*EXERCISE:*
Print all of the data exactly, but drop the pictures.

*INFORMATION SUPPLIED:*

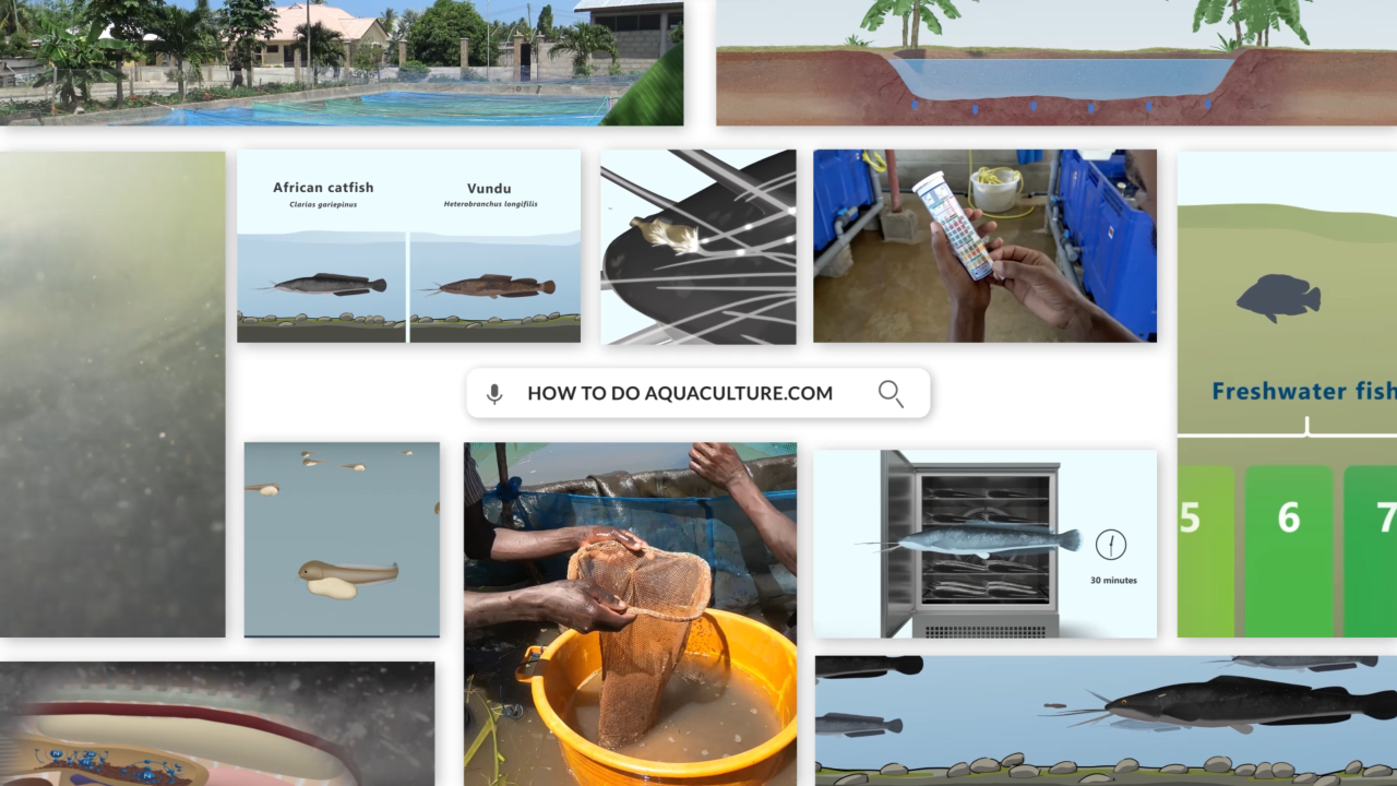 HowToDoAquaculture.com offers FREE access to over 150 instructional videos on Nile tilapia and African catfish, each tailor-made to cover essential topics in aquaculture on the African continent. From mastering production planning to implementing effective health management strategies, ensuring sustainability, and beyond, our diverse content equips you with the knowledge and skills needed to successfully run a profitable and sustainable fish farm. The videos are in English, but some include subtitles in Swahili and French.
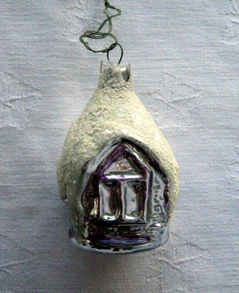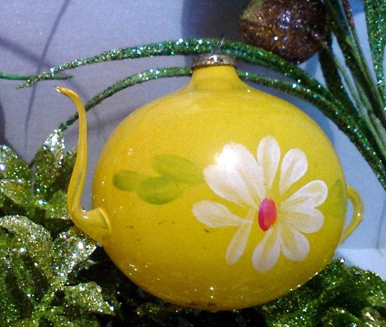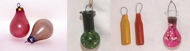 Чуть позже, в 1940-х годах, стали появляться елочные игрушки, изображающие предметы быта — чайники, самовары, лампы и др. «Их отличала текучесть формы и ручная роспись яркими красками».
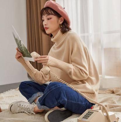 2018秋冬季新款高领毛衣女慵懒风网红宽松学生套头上衣针织衫

*ANSWER SECTION:*
 HowToDoAquaculture.com offers FREE access to over 150 instructional videos on Nile tilapia and African catfish, each tailor-made to cover essential topics in aquaculture on the African continent. From mastering production planning to implementing effective health management strategies, ensuring sustainability, and beyond, our diverse content equips you with the knowledge and skills needed to successfully run a profitable and sustainable fish farm. The videos are in English, but some include subtitles in Swahili and French.
 Чуть позже, в 1940-х годах, стали появляться елочные игрушки, изображающие предметы быта — чайники, самовары, лампы и др. «Их отличала текучесть формы и ручная роспись яркими красками».
 2018秋冬季新款高领毛衣女慵懒风网红宽松学生套头上衣针织衫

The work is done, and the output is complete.